Sujet :

THEME V : LA SUBROGATION

Marie
   Posté le 09-04-2007 à 13:04:57   

Le jeu de la subrogation en droit des assurances

Introduction

• Approche générale :

D’une manière générale le terme « subrogation » évoque une idée de remplacement :

- Subrogation réelle : remplacement d’une chose par une autre chose dans un patrimoine.
- Subrogation personnelle : remplacement d’une personne par une autre personne dans un rapport juridique  plus précisément ce remplacement se fait sur la base d’un paiement ( art.1249 C.Civ).

• Approche spéciale :

Appliquée aux assurances ces deux mécanismes fonctionnent ainsi :

- En matière de subrogation réelle : l’indemnité d’assurance prend la place du bien détruit (art. L121-13 C.Ass.)

- En matière de subrogation personnelle : l’assureur qui a payé l’indemnité d’assurance est subrogé jusqu’à concurrence de cette indemnité dans les droits et actions de l’assuré contre les tiers qui ont causé le dommage ( art L121-12 C.Ass. : assurance de dommage ; L172-29 C.Ass. : assurance maritime).

• Approche historique :

 Droit Romain (1)
Le droit romain ne connaît pas la subrogation personnelle mais il en fixe les linéaments (bénéfice de cession d’action, sucessio in locum). Elle s’est développée grâce à la jurisprudence.
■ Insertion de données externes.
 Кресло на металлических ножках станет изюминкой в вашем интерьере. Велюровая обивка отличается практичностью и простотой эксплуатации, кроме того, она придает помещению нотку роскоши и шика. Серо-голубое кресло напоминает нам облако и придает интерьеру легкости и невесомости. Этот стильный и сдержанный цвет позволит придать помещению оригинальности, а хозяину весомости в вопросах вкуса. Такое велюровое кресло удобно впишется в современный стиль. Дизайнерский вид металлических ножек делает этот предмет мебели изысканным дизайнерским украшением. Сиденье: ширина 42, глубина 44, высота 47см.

[Apport jurisprudentiel : l’action de la jurisprudence a pallié le silence de la loi Publilia et de la loi Appuleia. En effet, en matière de caution, on autorisait le fidéjusseur a se retourner contre le débiteur principal pour obtenir du créancier qu’il le subroge dans ses droits, en lui cédant, après paiement, les actions dont lui-même était titulaire à l’encontre du débiteur. ]
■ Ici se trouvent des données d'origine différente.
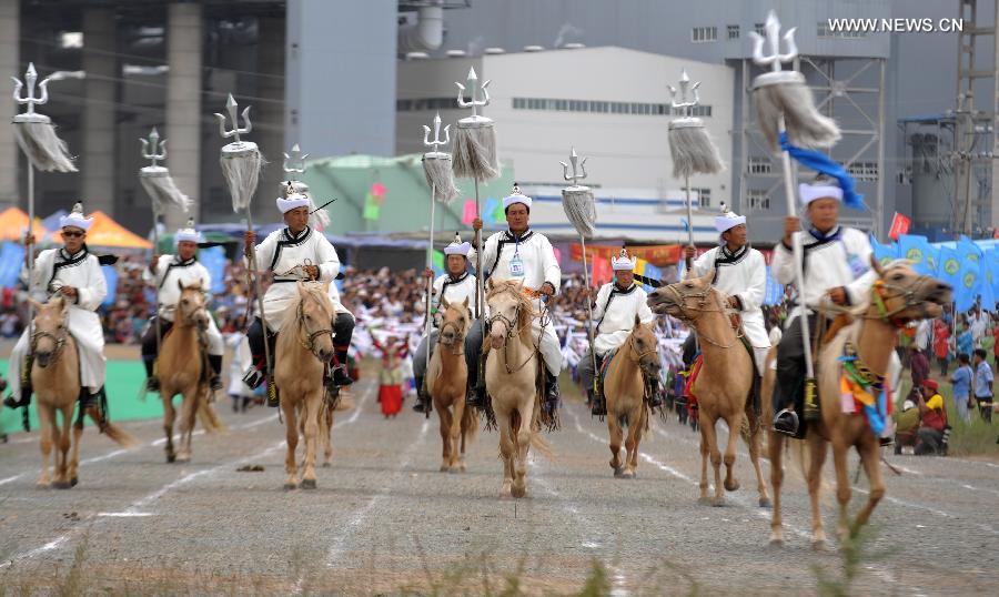 A rider is dressed up for the 23rd Nadam Fair in Bairin Right Banner of Chifeng City, north China's Inner Mongolia Autonomous Region, July 21, 2014. Nadam, which means "entertainment and games" in Mongolian language, has a tradition of more than 700 years. Over 30,000 local residents and visitors will participate in activities like horse racing, archery, Mongolian wrestling, costumes show, art competition, etc. (Xinhua/Zhang Ling)

Cette subrogation est conventionnelle, elle deviendra légale dans les législations contemporaines.

 En 1804 :
La subrogation devient légale : 1249 C.Civ. 1250 C.Civ. 1251 C.Civ.
En parallèle dans le domaine des assurances : un usage préexistant et les clauses de cessions de droit servent de fondement à la subrogation des assureurs (on refuse encore aux assureurs l’application des articles du code civil).

Alors que la subrogation est légale en droit commun, elle est conventionnelle et résulte d’un usage en droit des assurances.

 Loi du 13 juillet 1930 :
La subrogation est intégrée dans le droit des assurances. Les assureurs n’ont plus à respecter les formalités de la cession de créance, elle est de droit.

• Plan
Les mécanismes de la subrogation tels qu’il figurent dans les articles L121-12 et L121-13 semblent trop étroits. En assurance, le jeu de la subrogation a fait l’objet d’extensions au cœur de ces deux dispositions (I) au point de s’étendre au-delà et de les remettre en cause (II).
I) L’interprétation extensive de la subrogation au cœur des articles L. 121-12 et L. 121-13 C. ass.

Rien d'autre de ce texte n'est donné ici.